:: Records supplied ::

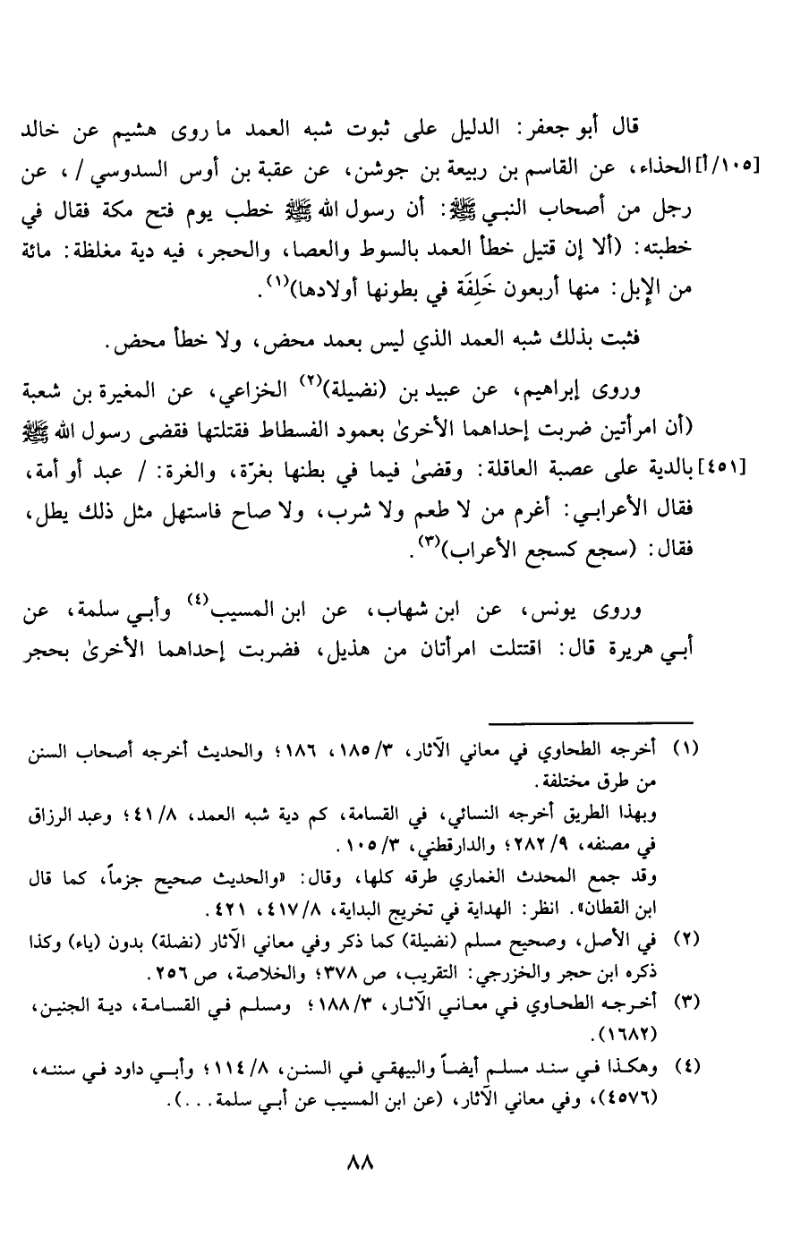 قَالَ أَبُو جَعْفَر الدَّلِيل على ثُبُوت شبه الْعمد مَا روى هشيم عَن خَالِد الْحذاء عَن الْقَاسِم بن ربيعَة بن جوشن عَن عقبَة بن أَوْس السدُوسِي عَن رجل من أَصْحَاب النَّبِي صلى الله عَلَيْهِ وَسلم أَن رَسُول الله صلى الله عَلَيْهِ وَسلم خطب يَوْم فتح مَكَّة فَقَالَ فِي خطبَته أَلا إِن قَتِيل خطأ الْعمد بِالسَّوْطِ والعصا وَالْحجر فِيهِ دِيَة مُغَلّظَة مائَة من الْإِبِل مِنْهَا أَرْبَعُونَ خلفة فِي بطونها أَوْلَادهَا
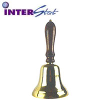 Solid Brass hand bell with wooden handle.
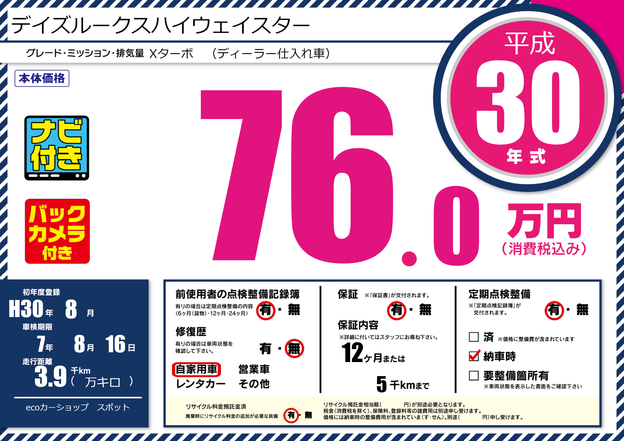 | 車名 | デイズルークスハイウェイスター | グレード ミッション 排気量 |
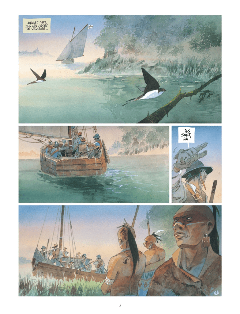 Après tant d’opus consacrés à cette passion et l’accumulation d’une colossale documentation, Pocahontas, la légende indienne résonnait un peu comme une évidence dans le parcours de l’aquarelliste. Il y a dedans tous les ingrédients pour séduire les amateurs d’une thématique appréciée et populaire : l’arrivée des Anglais, l’expédition en bateau, la construction d’un fort, une fine approche des Indiens, de leur mode de vie, de leur culture mais aussi des personnages bien bâtis, facilement identifiables que l’on a envie de suivre dans un récit qui s’étale sur plusieurs années.
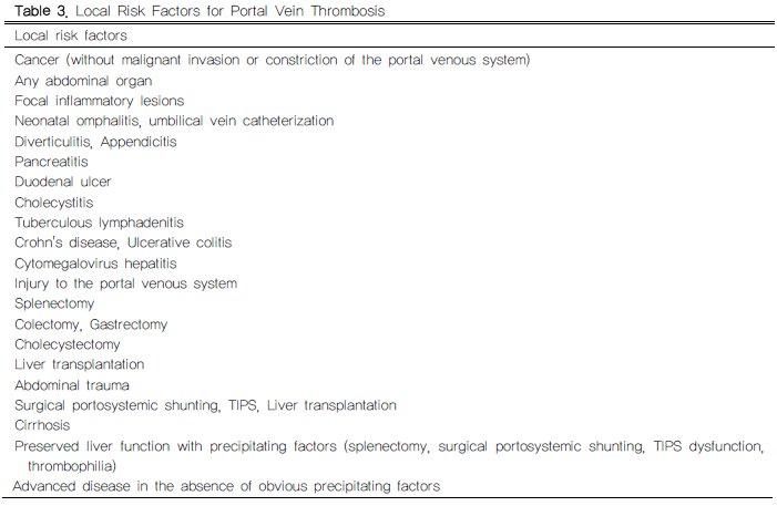 국소 위험인자는 표 3과 같다. 보통 간문맥 침습이나 협착없이 간문맥 분지 내 악성종양과 간경변증이 PVT의 주요한 국소위험인자다. 나머지 환자에서 PVT의 가장 흔한 국소위험인자는 복강 내 염증성 병소이다. PVT의 국소위험인자는 만성인 경우보다 급성일 때 잘 진단된다.
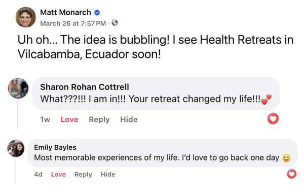 transformations from our retreats within Vilcabamba are so profound, here are what a couple of people had to say on my most recent Facebook post about our retreats.
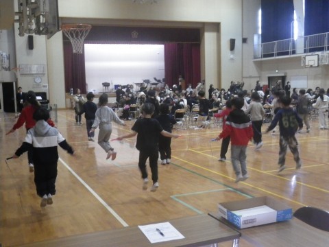 学習参観で,「いつもありがとう会」を開催しました。「それもいいね」で保護者の皆様をお迎えしました。そして,1年間の成長として,リズム縄跳びを披露しました。その後,「しあわせはこべるように」を歌いました。「にじのむこうに」は手話を交えて歌い,その後,保護者の方々にも手話を伝えました。最後は感謝の手紙を渡しました。
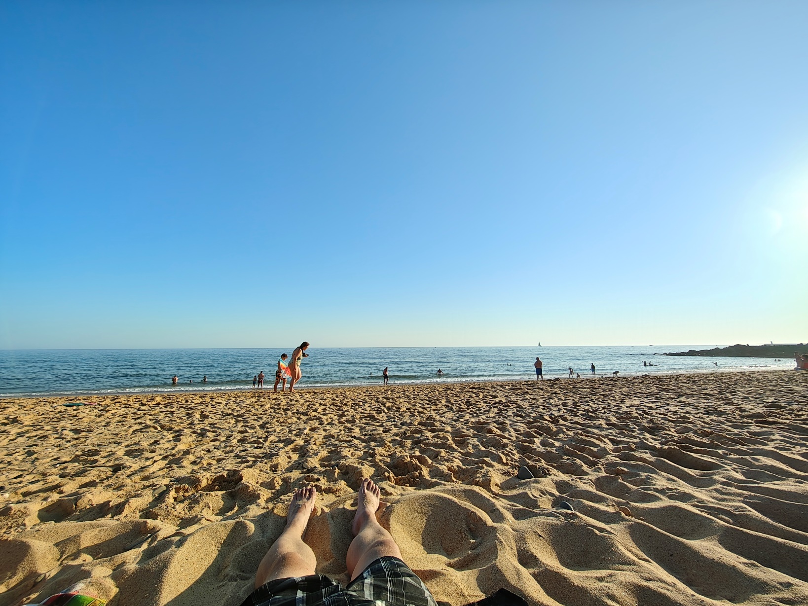 Nachdem wir in der Wohnung angekommen waren, hielt uns nichts mehr drinnen. Es war zwar schon später Nachmittag, doch die Sonne stand noch warm über dem Atlantik. Der Strand lag praktisch vor der Tür, und so war klar: Erst einmal Füße in den Sand und durchatmen. Natürlich konnte ich nicht widerstehen, direkt ins Meer zu springen. Frisch – wie es sich für den Atlantik gehört – aber genau das Richtige nach der Reise. Dieser erste Sprung war für mich die perfekte Mischung aus Ankommen und purem Urlaubsgefühl. Ab diesem Moment war klar: Jetzt beginnt die Auszeit wirklich.
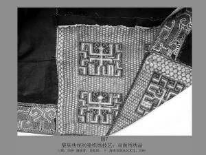 黎族棉纺织业按照不同的方言,在应用工艺上各有侧重。其中,杞、赛方言以彩纬彩经显花编织为主,用绣较少;润方言则以绣为主,其双面绣技艺高超;哈方言则织绣双全;而美孚方言最突出的工艺是絣染。
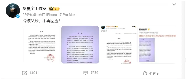 刚刚,华晨宇工作室官方发文回应称:“冷饭又炒,不再回应!”
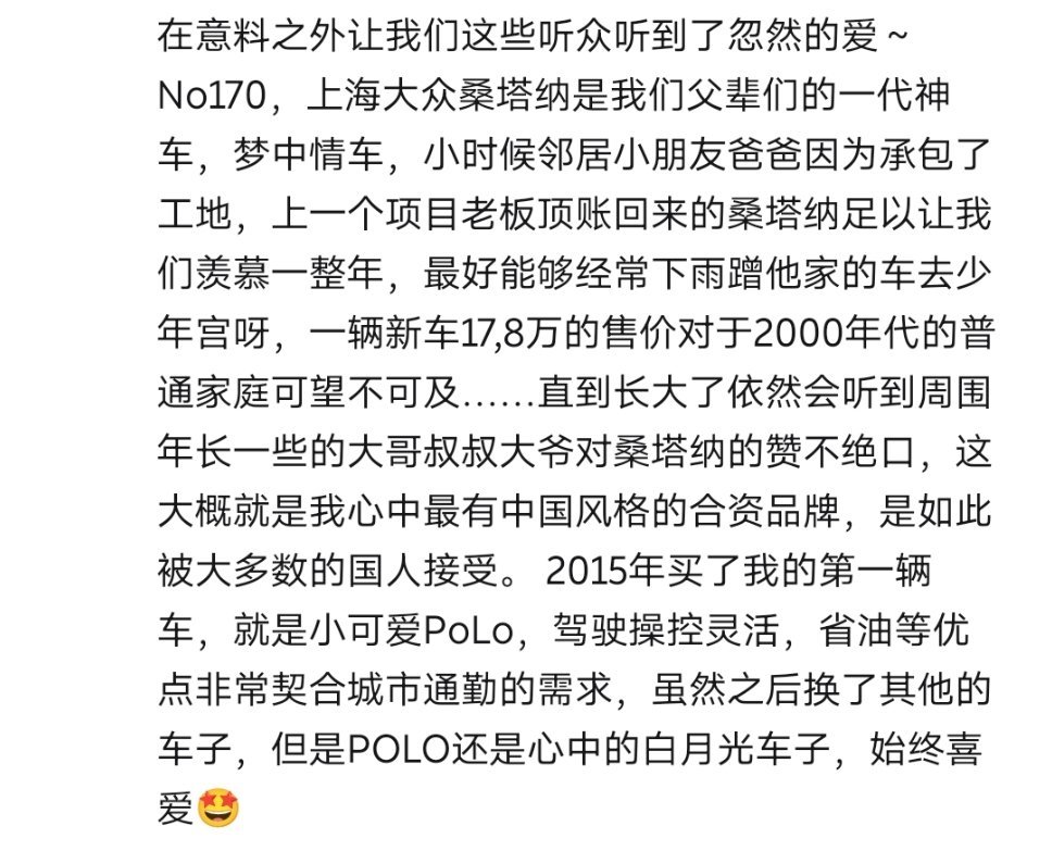 之前觉得中国汽车没有灵魂,其实中国汽车有灵魂,只不过是合资车带给的,就像提到上汽大众,很多80,90后,会感慨那是满满的童年回忆,提到桑塔纳,都会被视为80,90后父辈们的一代神车。
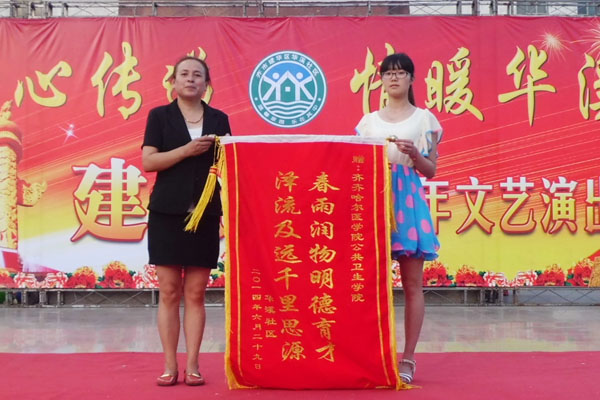 公共卫生学院自去年与建华区西大桥街道华溪社区签订区域化党建共建协议后,组织学生定期深入华溪社区开展公益劳动和志愿服务活动。华溪社区对公共卫生学院志愿者长期无私的奉献给予高度赞扬,向公共卫生学院赠送了“春雨润物明德育才 泽流及远千里思源”锦旗,激励青年学生在志愿服务中为全面建成小康社会贡献力量,并希望进一步加强与公共卫生学院的和谐共建。在随后的文艺演出中,公共卫生学院学生组成的健美操表演队用力与美展现了青年人努力实现“中国梦•齐医梦•我的梦”的激情与活力;优秀学生代表王兆娴与侯宇演唱的歌曲《千山万水》激情澎湃,引起了现场观众的强烈共鸣。同时,学生们还参了与社区集体舞《再唱山歌给党听》等节目,向伟大的党献上诚挚的祝福,共同祝愿我们的党、我们的祖国明天更美好。
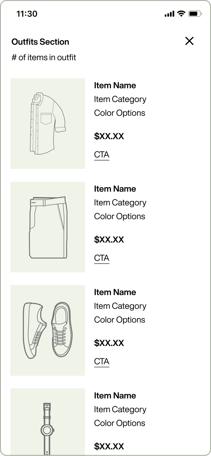 When users clicked into the outfits they were confused to the layout and wanted a way to look at the items first.
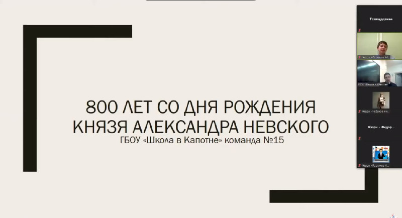 Тема III Хакатона для кадет была «800 лет со дня рождения князя Александра Невского». Участниками Хакатона были 8-11классы ЮВАО. Команда 8В класса (Руслан А., Екатерина О., Артем П.) осветила данное событие в истории страны, используя мультимедийные форматы, разработала свое андроид-приложение. Команду готовила учитель информатики Грибова Ирина Вадимовна.
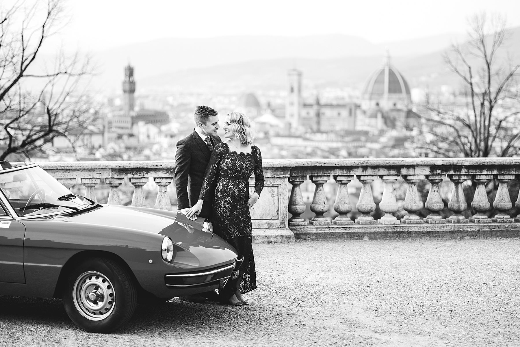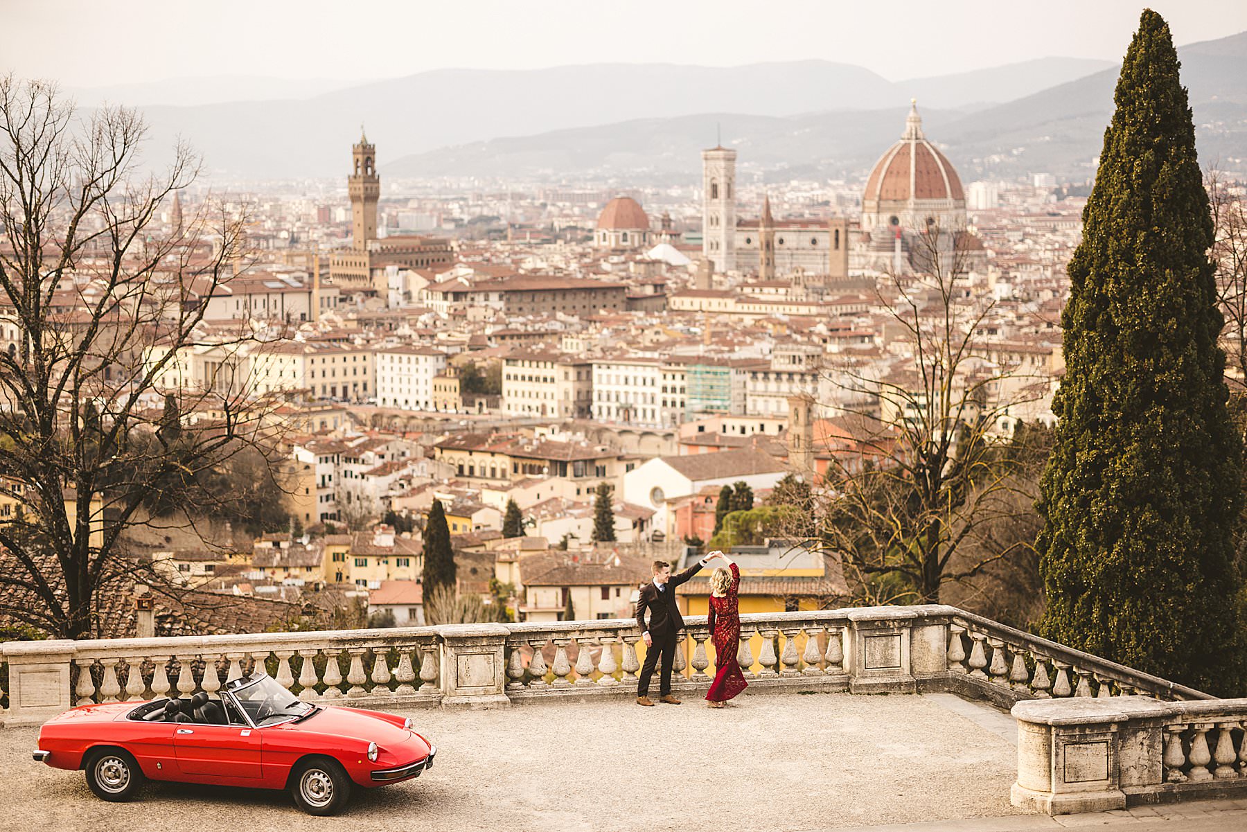 Later we moved to San Miniato al Monte, where we shot timeless wedding anniversary photos with a breathtaking view of Florence in the background – and with the Spider as a co-protagonist. I can safely say that it felt like being in a movie!
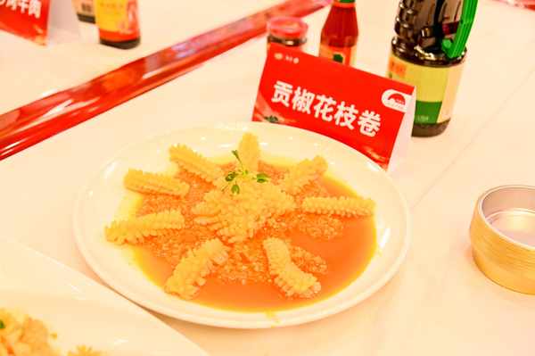 ③ 將熬制好的黃貢椒醬淋在花枝卷上即可。
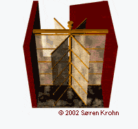 The addition of a smaller set of sails perpendicular to the main sails improved the mill further. The mill top now directed itself against the wind and followed changes in the wind direction automatically. |
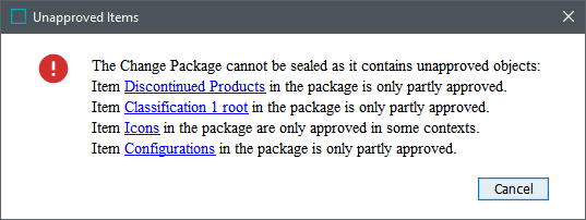 Note: Consider noting the full list of items and systematically approving them all before attempting to seal the change package again. Or use the 'Seal Package' option to display the Unapproved Items dialog again.

:::

> **Task requirements**: Could you set down every entry again exactly as written, leaving out any pictures?

> **Solution below**:
 قَالَ أَبُو جَعْفَر الدَّلِيل على ثُبُوت شبه الْعمد مَا روى هشيم عَن خَالِد الْحذاء عَن الْقَاسِم بن ربيعَة بن جوشن عَن عقبَة بن أَوْس السدُوسِي عَن رجل من أَصْحَاب النَّبِي صلى الله عَلَيْهِ وَسلم أَن رَسُول الله صلى الله عَلَيْهِ وَسلم خطب يَوْم فتح مَكَّة فَقَالَ فِي خطبَته أَلا إِن قَتِيل خطأ الْعمد بِالسَّوْطِ والعصا وَالْحجر فِيهِ دِيَة مُغَلّظَة مائَة من الْإِبِل مِنْهَا أَرْبَعُونَ خلفة فِي بطونها أَوْلَادهَا
 Solid Brass hand bell with wooden handle.
 | 車名 | デイズルークスハイウェイスター | グレード ミッション 排気量 |
 Après tant d’opus consacrés à cette passion et l’accumulation d’une colossale documentation, Pocahontas, la légende indienne résonnait un peu comme une évidence dans le parcours de l’aquarelliste. Il y a dedans tous les ingrédients pour séduire les amateurs d’une thématique appréciée et populaire : l’arrivée des Anglais, l’expédition en bateau, la construction d’un fort, une fine approche des Indiens, de leur mode de vie, de leur culture mais aussi des personnages bien bâtis, facilement identifiables que l’on a envie de suivre dans un récit qui s’étale sur plusieurs années.
 국소 위험인자는 표 3과 같다. 보통 간문맥 침습이나 협착없이 간문맥 분지 내 악성종양과 간경변증이 PVT의 주요한 국소위험인자다. 나머지 환자에서 PVT의 가장 흔한 국소위험인자는 복강 내 염증성 병소이다. PVT의 국소위험인자는 만성인 경우보다 급성일 때 잘 진단된다.
 transformations from our retreats within Vilcabamba are so profound, here are what a couple of people had to say on my most recent Facebook post about our retreats.
 学習参観で,「いつもありがとう会」を開催しました。「それもいいね」で保護者の皆様をお迎えしました。そして,1年間の成長として,リズム縄跳びを披露しました。その後,「しあわせはこべるように」を歌いました。「にじのむこうに」は手話を交えて歌い,その後,保護者の方々にも手話を伝えました。最後は感謝の手紙を渡しました。
 Nachdem wir in der Wohnung angekommen waren, hielt uns nichts mehr drinnen. Es war zwar schon später Nachmittag, doch die Sonne stand noch warm über dem Atlantik. Der Strand lag praktisch vor der Tür, und so war klar: Erst einmal Füße in den Sand und durchatmen. Natürlich konnte ich nicht widerstehen, direkt ins Meer zu springen. Frisch – wie es sich für den Atlantik gehört – aber genau das Richtige nach der Reise. Dieser erste Sprung war für mich die perfekte Mischung aus Ankommen und purem Urlaubsgefühl. Ab diesem Moment war klar: Jetzt beginnt die Auszeit wirklich.
 黎族棉纺织业按照不同的方言,在应用工艺上各有侧重。其中,杞、赛方言以彩纬彩经显花编织为主,用绣较少;润方言则以绣为主,其双面绣技艺高超;哈方言则织绣双全;而美孚方言最突出的工艺是絣染。
 刚刚,华晨宇工作室官方发文回应称:“冷饭又炒,不再回应!”
 之前觉得中国汽车没有灵魂,其实中国汽车有灵魂,只不过是合资车带给的,就像提到上汽大众,很多80,90后,会感慨那是满满的童年回忆,提到桑塔纳,都会被视为80,90后父辈们的一代神车。
 公共卫生学院自去年与建华区西大桥街道华溪社区签订区域化党建共建协议后,组织学生定期深入华溪社区开展公益劳动和志愿服务活动。华溪社区对公共卫生学院志愿者长期无私的奉献给予高度赞扬,向公共卫生学院赠送了“春雨润物明德育才 泽流及远千里思源”锦旗,激励青年学生在志愿服务中为全面建成小康社会贡献力量,并希望进一步加强与公共卫生学院的和谐共建。在随后的文艺演出中,公共卫生学院学生组成的健美操表演队用力与美展现了青年人努力实现“中国梦•齐医梦•我的梦”的激情与活力;优秀学生代表王兆娴与侯宇演唱的歌曲《千山万水》激情澎湃,引起了现场观众的强烈共鸣。同时,学生们还参了与社区集体舞《再唱山歌给党听》等节目,向伟大的党献上诚挚的祝福,共同祝愿我们的党、我们的祖国明天更美好。
 When users clicked into the outfits they were confused to the layout and wanted a way to look at the items first.
 Тема III Хакатона для кадет была «800 лет со дня рождения князя Александра Невского». Участниками Хакатона были 8-11классы ЮВАО. Команда 8В класса (Руслан А., Екатерина О., Артем П.) осветила данное событие в истории страны, используя мультимедийные форматы, разработала свое андроид-приложение. Команду готовила учитель информатики Грибова Ирина Вадимовна.
 Later we moved to San Miniato al Monte, where we shot timeless wedding anniversary photos with a breathtaking view of Florence in the background – and with the Spider as a co-protagonist. I can safely say that it felt like being in a movie!
 ③ 將熬制好的黃貢椒醬淋在花枝卷上即可。
 The addition of a smaller set of sails perpendicular to the main sails improved the mill further. The mill top now directed itself against the wind and followed changes in the wind direction automatically. |
 Note: Consider noting the full list of items and systematically approving them all before attempting to seal the change package again. Or use the 'Seal Package' option to display the Unapproved Items dialog again.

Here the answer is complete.